### WHAT IS BEING ASKED
Copy the lines below exactly, starting at the one with "TOTAL I E.ON BEŽE IZ TAP-A" and ending at the one with "900 € + IVA", and leave out any picture.

### EXCERPTED RECORDS
+ + +
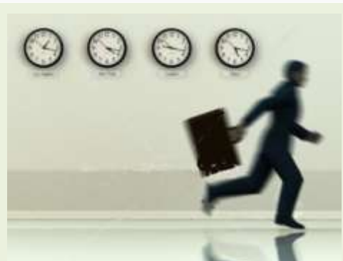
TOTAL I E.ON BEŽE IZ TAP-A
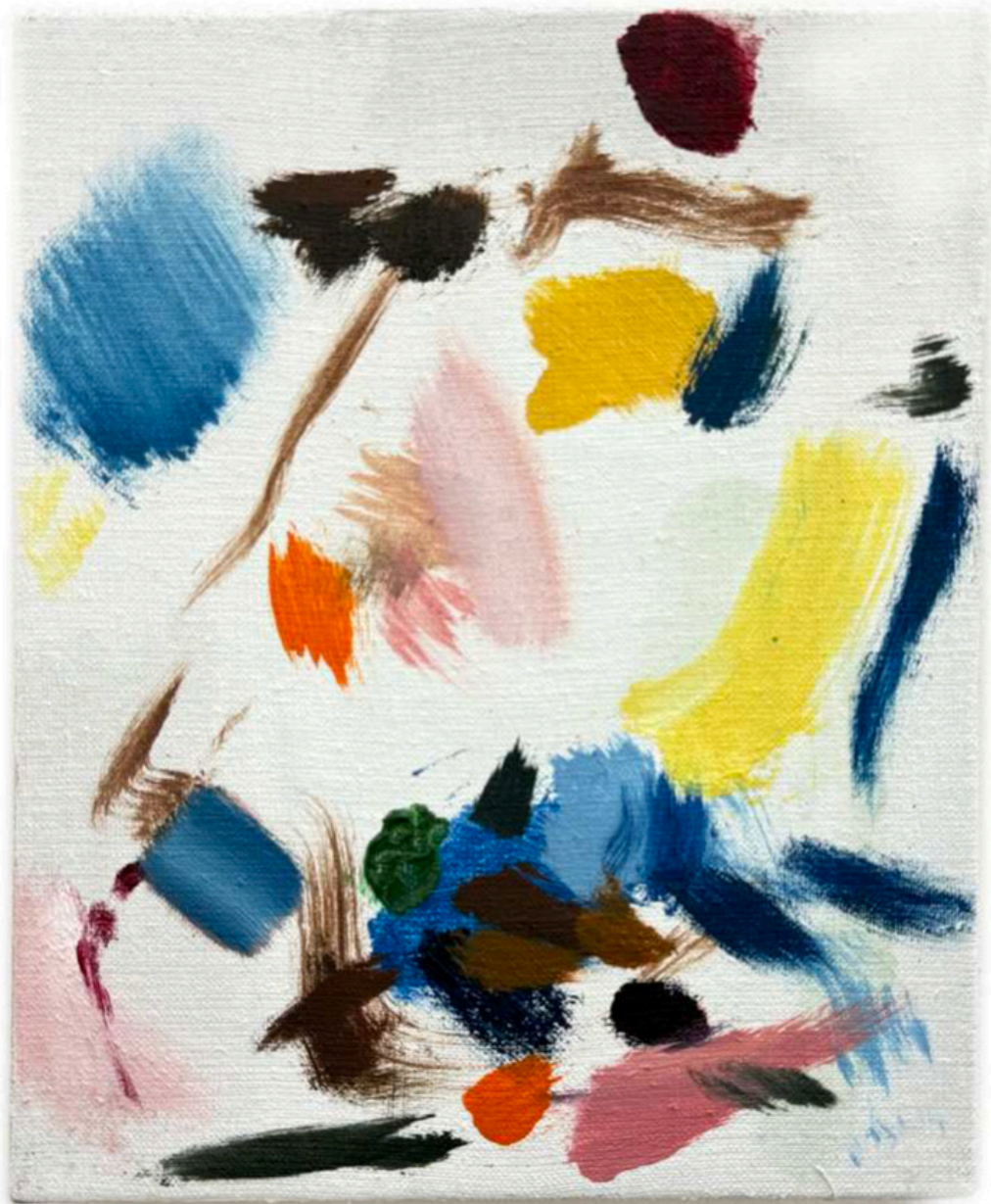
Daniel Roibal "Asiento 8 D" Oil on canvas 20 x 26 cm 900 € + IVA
+ + +
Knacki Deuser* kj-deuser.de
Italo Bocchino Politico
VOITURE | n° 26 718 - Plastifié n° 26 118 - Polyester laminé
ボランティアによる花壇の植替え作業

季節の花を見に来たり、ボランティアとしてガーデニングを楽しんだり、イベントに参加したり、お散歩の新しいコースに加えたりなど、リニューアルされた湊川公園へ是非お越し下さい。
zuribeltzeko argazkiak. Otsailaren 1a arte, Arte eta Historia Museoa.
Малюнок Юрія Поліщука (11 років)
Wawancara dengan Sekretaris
+ + +
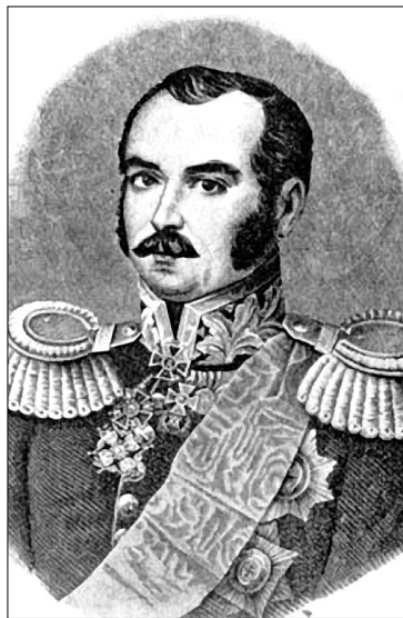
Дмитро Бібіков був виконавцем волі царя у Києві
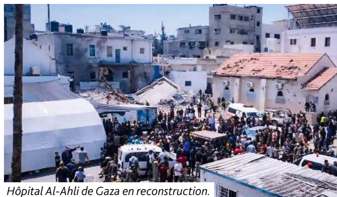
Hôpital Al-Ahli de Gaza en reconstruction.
+ + +
### RESULT OF THIS EXERCISE
TOTAL I E.ON BEŽE IZ TAP-A
Daniel Roibal "Asiento 8 D" Oil on canvas 20 x 26 cm 900 € + IVA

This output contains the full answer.